|08-06-2013, 08:49 PM||#1|
Join Date: Dec 2011
A Song About Society Zombies
Zombies. Asus? Bm7 B7 E7 (D)
Shuffling in a straight line.
Thirsting for the one thing.
Draw fake smiles on their faces.
Everyday the same.
They follow the rules, they say their graces.
Following the mob.
Giving into the nonsense.
Never trying to stop.
Blind to the world around them.
Of the fresh air they could breath.
But with their lives they are content.
They devour the weak
And try to tear down the strong
Thinking that one day “I will find what I seek”
But you will not find it A/Ab D Dmaj7 D7
Not if you're living the life
That someone crafted for you
You never worked a hard day in your life
Always accepting the lies
Never see through their disguise
Everything is different A/Ab Bm7 E7 A
When you look through the eyes
Of a starving child on the street
Or you meet
With callouses on his hands
Whose worked every day
In the fields of Zimbabwe
You will be humbled
To see the face
Of a boy in New York
Beaten because of his race
But you don't see all of these things A/Ab Bm7 B7 E7 D
You just want your next check
Why worry about the outside world
When nobody's at your neck?
Zombies.
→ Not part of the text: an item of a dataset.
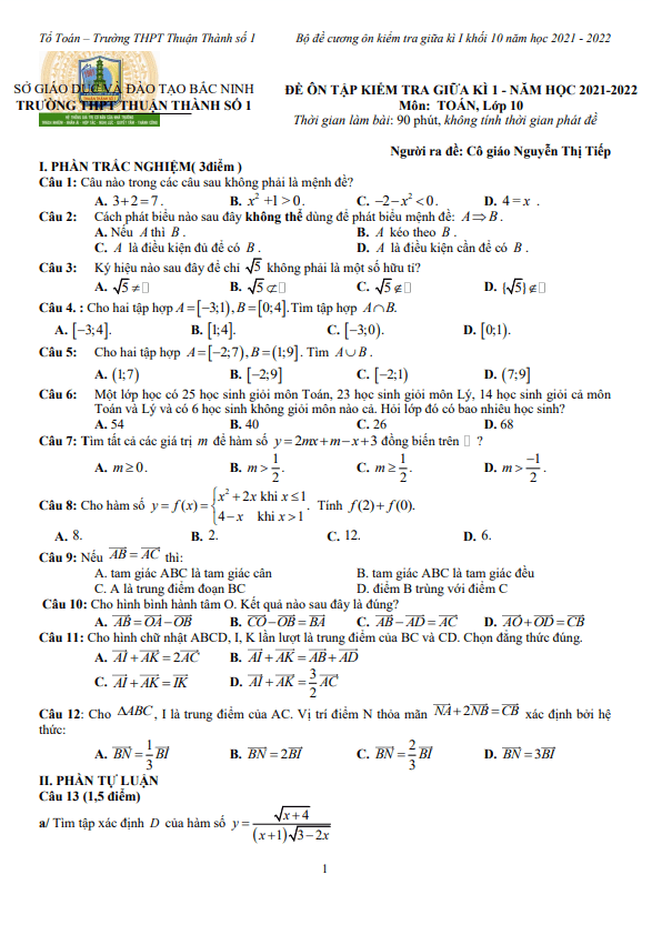 Đề ôn tập giữa kì 1 Toán lớp 10 năm 2021 – 2022 trường Thuận Thành 1 Bắc Ninh
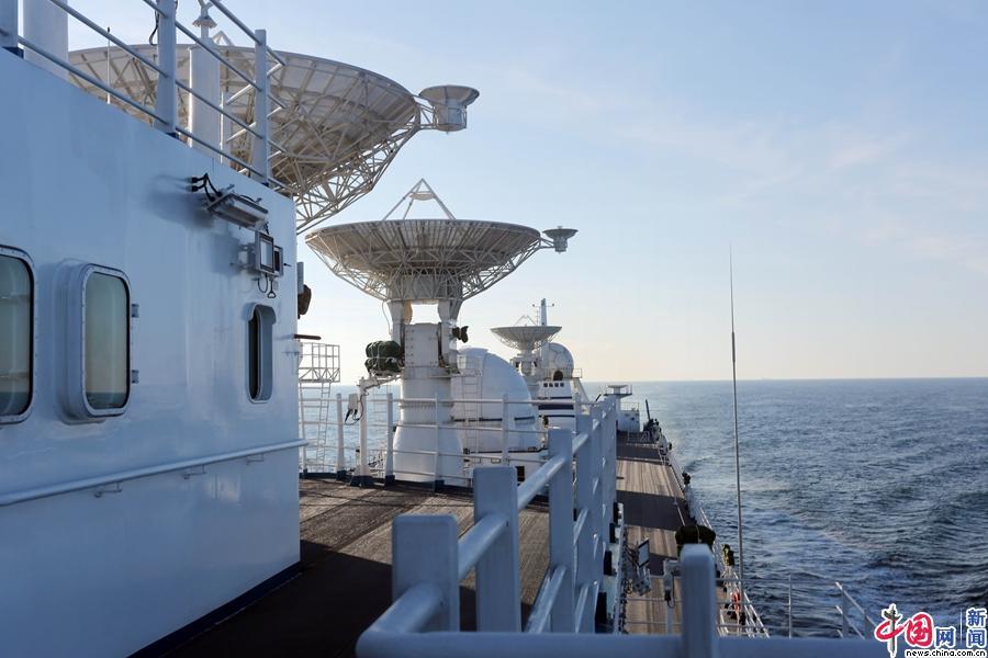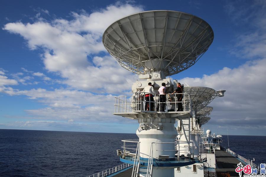远望5号船通信系统参加任务联调演练。王煦之 摄

A/Ab D Dmaj7 D7
|08-07-2013, 11:54 AM||#2|
Days, I feel it...
Join Date: Jul 2011
The zombies. They're us.
No, really, they literally are supposed to be us. Using zombies as a metaphor is a huge, steaming cliché, especially since the modern zombie was invented as a commentary on modern consumerist society in the first place. Call me a cynic, but these vague, garden-variety "there are things wrong with the world and everyone must know" pieces generally come off disingenuous, unless they're done really well.
There's some redundancy here, in a way that hobbles the pace and makes the piece shamble along lazily, probably while croaking "braaaaaiiiinsss". "They follow the rules", then two lines later, "following the mob".
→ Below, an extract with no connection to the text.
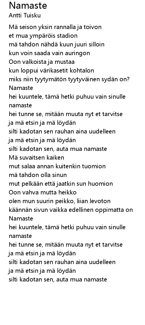 | [02:26.840] | silti kadotan sen, auta mua namaste |
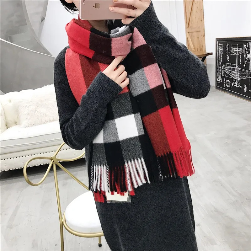 經典格紋羊毛混紡圍巾 | 鉑金級喀什米爾羊絨 | 加大加寬可做披肩 | 超高品質澳洲鉑金級喀什米爾羊絨厚實親膚保暖方格流蘇圍巾披肩

The rhymes here are usually kind of forced ("mob/stop", "faces/graces"- try "places", maybe? "weak/seek", "life/strife"), although "face/race" and "check/neck" work okay. Things pick up with "Everything is different", when you break from that couplet format for a bit.
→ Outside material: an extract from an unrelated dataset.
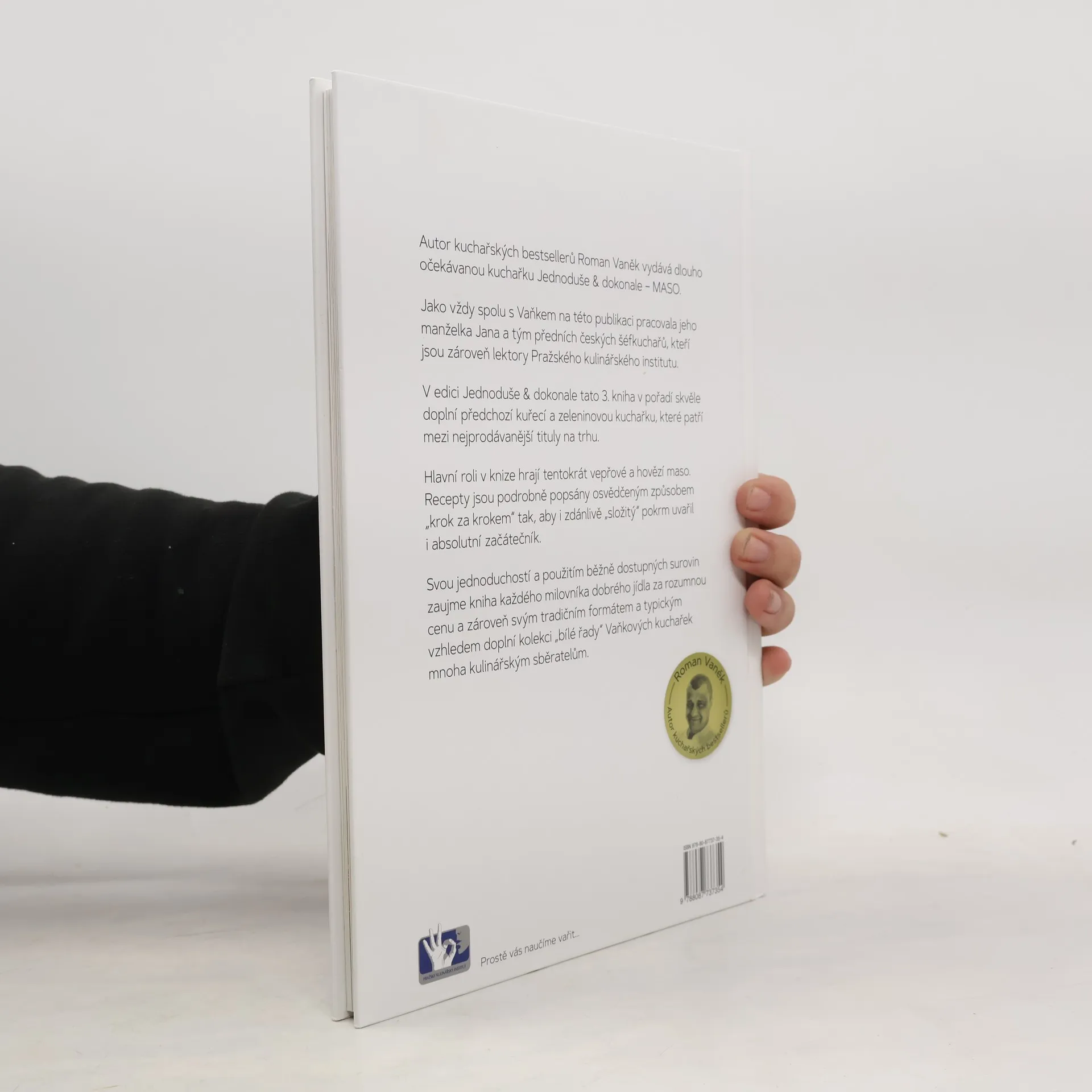 Autor kuchařských bestsellerů Roman Vaněk vydává dlouho očekávanou kuchařku Jednoduše & dokonale – MASO. Jako vždy spolu s Vaňkem na této publikaci pracovala jeho manželka Jana a tým předních českých šéfkuchařů, kteří jsou zároveň lektory Pražského kulinářského institutu. V edici Jednoduše & dokonale tato 3. kniha v pořadí skvěle doplní předchozí kuřecí a zeleninovou kuchařku, které patří mezi nejprodávanější tituly na trhu. Hlavní roli v knize hrají tentokrát vepřové a hovězí maso. Recepty jsou podrobně popsány osvědčeným způsobem „krok za krokem“ tak, aby i zdánlivě „složitý“ pokrm uvařil i absolutní začátečník. Svou jednoduchostí a použitím běžně dostupných surovin zaujme kniha každého milovníka dobrého jídla za rozumnou cenu a zároveň svým tradičním formátem a typickým vzhledem doplní kolekci „bílé řady“ Vaňkových kuchařek mnoha kulinářským sběratelům.

There's just too much stale imagery in this song to work. The generic social justice, the cheap rhymes, and zombie theme, are just shambling undead corpses of writing that need to be put back in their graves before they stink things up.
If you're reading this, it means UG still has this, but not a :sam: smiley.
|08-09-2013, 09:51 PM||#3|
Join Date: Feb 2009
I second this. If you read this from "Everything is different" on then it becomes a decent poem but everything before that drags and I think to myself, I remember the million times I have read this poem before-- and even written on a few adolescent occasions.
In my opinion.... cut off the first 2/3 of this and just use the final third. It is much more powerful that way.